Input for this task:
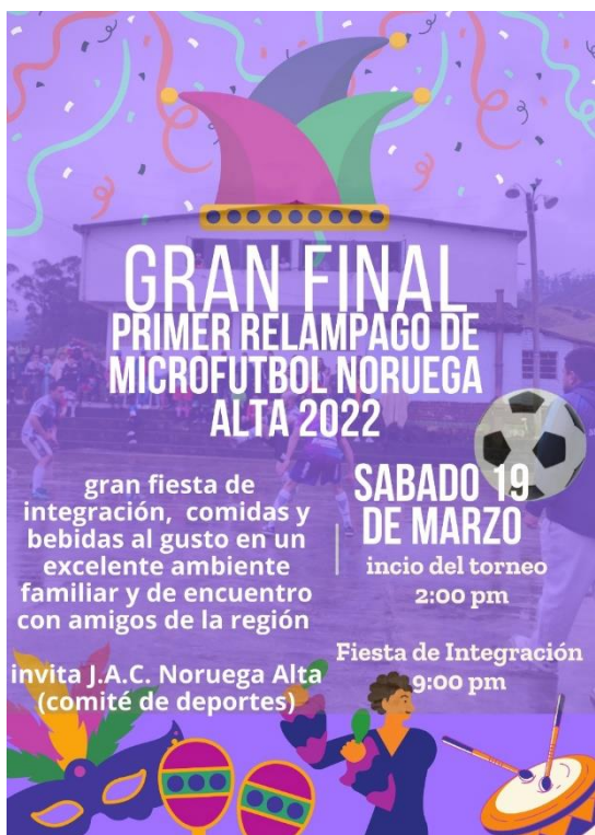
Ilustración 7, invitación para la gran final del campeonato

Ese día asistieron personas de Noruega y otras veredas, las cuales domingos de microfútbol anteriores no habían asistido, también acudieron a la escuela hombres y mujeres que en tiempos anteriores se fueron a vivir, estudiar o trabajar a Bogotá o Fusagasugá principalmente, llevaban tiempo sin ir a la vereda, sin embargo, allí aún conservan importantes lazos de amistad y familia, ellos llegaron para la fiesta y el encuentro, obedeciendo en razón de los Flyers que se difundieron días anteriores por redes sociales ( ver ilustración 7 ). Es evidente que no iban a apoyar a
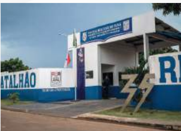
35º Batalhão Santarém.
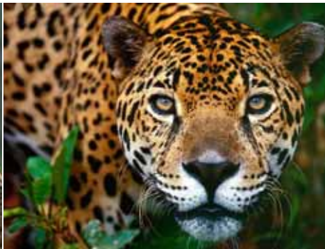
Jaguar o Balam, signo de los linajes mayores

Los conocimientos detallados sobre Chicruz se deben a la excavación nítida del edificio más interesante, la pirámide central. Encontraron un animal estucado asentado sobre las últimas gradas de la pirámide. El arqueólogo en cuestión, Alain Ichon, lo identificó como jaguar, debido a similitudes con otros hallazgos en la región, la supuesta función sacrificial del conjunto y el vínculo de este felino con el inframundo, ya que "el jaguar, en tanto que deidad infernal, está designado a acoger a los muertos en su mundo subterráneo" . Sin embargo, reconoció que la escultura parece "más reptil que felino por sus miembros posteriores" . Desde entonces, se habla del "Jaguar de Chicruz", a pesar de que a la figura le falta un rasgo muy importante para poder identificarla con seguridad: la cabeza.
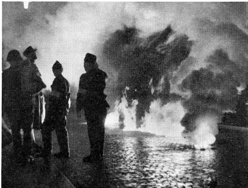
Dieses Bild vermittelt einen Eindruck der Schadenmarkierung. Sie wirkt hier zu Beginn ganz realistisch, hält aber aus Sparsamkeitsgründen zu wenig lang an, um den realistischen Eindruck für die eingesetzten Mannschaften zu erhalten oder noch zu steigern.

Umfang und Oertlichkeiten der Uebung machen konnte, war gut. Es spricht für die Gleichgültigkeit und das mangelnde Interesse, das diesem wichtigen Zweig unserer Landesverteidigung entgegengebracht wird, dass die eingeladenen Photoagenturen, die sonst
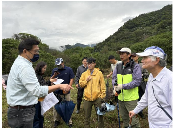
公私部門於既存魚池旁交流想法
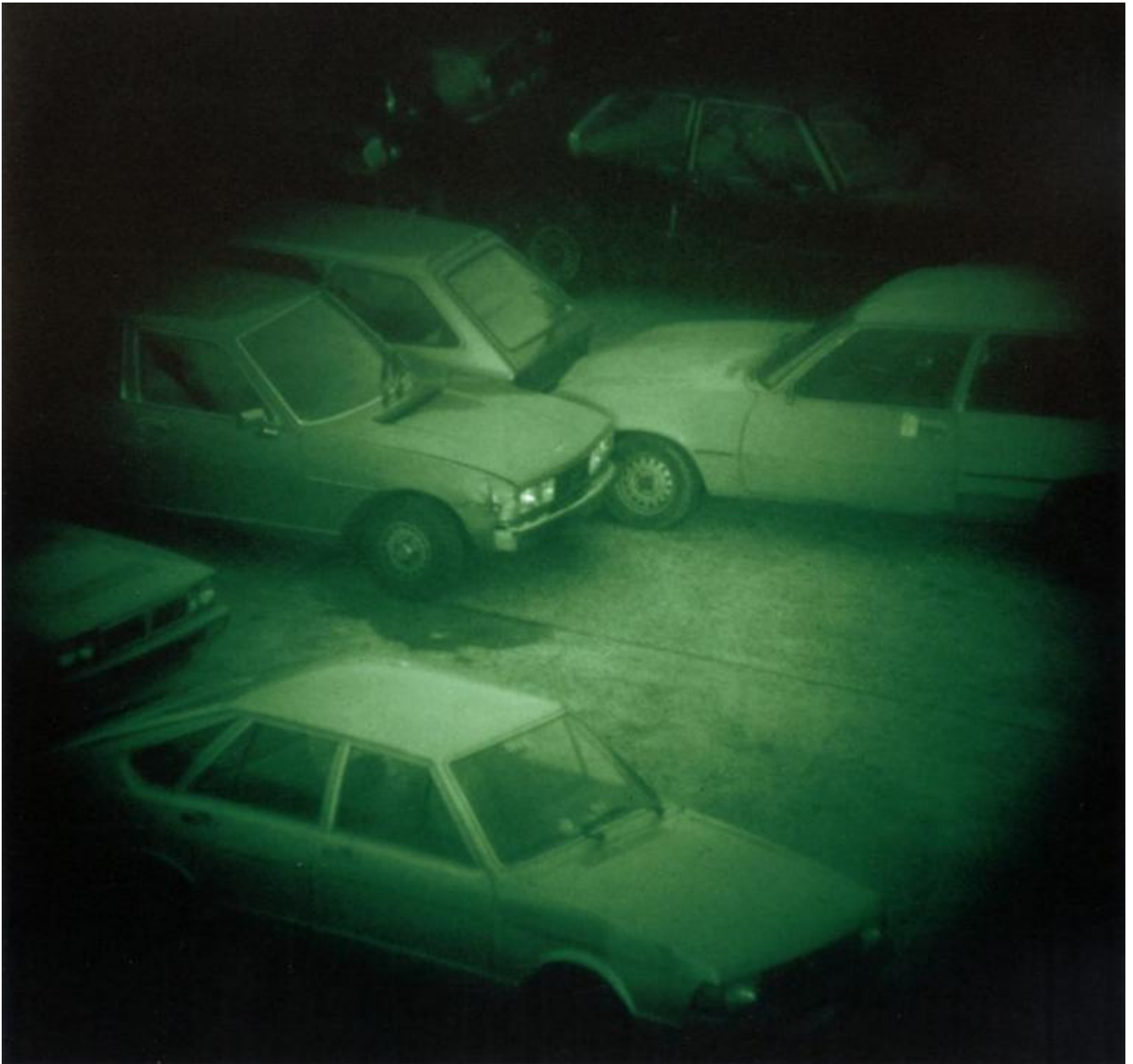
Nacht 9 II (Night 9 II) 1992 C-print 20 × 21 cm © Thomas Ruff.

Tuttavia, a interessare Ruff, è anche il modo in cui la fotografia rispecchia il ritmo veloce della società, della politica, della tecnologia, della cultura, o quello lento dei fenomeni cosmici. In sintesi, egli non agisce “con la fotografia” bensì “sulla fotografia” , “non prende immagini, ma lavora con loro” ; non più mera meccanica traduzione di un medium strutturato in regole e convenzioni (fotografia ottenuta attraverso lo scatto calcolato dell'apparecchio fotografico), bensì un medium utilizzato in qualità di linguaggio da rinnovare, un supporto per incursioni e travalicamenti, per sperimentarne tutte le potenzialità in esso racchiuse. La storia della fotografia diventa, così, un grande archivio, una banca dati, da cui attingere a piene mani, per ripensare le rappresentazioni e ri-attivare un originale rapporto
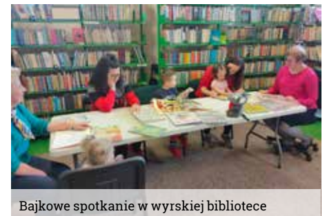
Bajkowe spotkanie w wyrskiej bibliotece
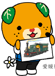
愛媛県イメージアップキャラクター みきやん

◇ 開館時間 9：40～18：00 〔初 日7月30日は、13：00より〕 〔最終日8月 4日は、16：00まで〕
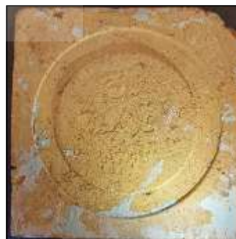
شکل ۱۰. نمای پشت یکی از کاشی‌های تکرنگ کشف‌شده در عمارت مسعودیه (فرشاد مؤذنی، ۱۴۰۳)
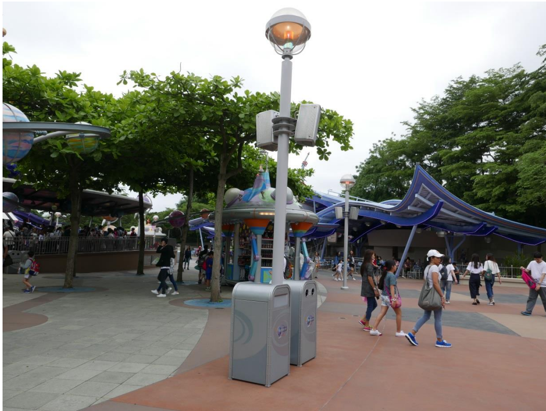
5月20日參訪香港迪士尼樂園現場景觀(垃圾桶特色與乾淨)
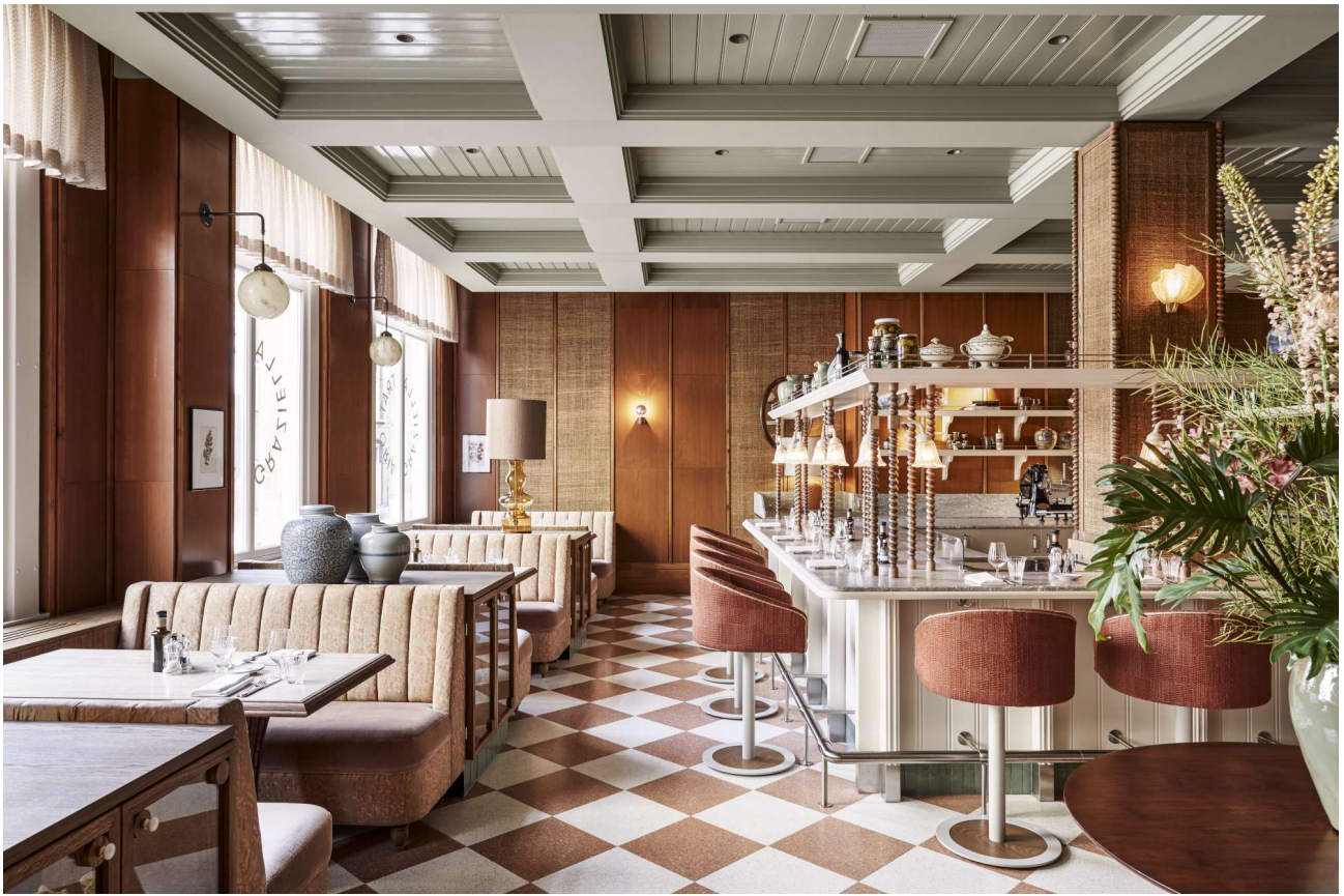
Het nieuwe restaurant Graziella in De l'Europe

Your assignment: Could you set down, exactly as written, every line from the one with "شکل ۱۰. نمای" to the end of the data, both ends included? Leave out the pictures.

Exercise response:
شکل ۱۰. نمای پشت یکی از کاشی‌های تکرنگ کشف‌شده در عمارت مسعودیه (فرشاد مؤذنی، ۱۴۰۳)
5月20日參訪香港迪士尼樂園現場景觀(垃圾桶特色與乾淨)
Het nieuwe restaurant Graziella in De l'Europe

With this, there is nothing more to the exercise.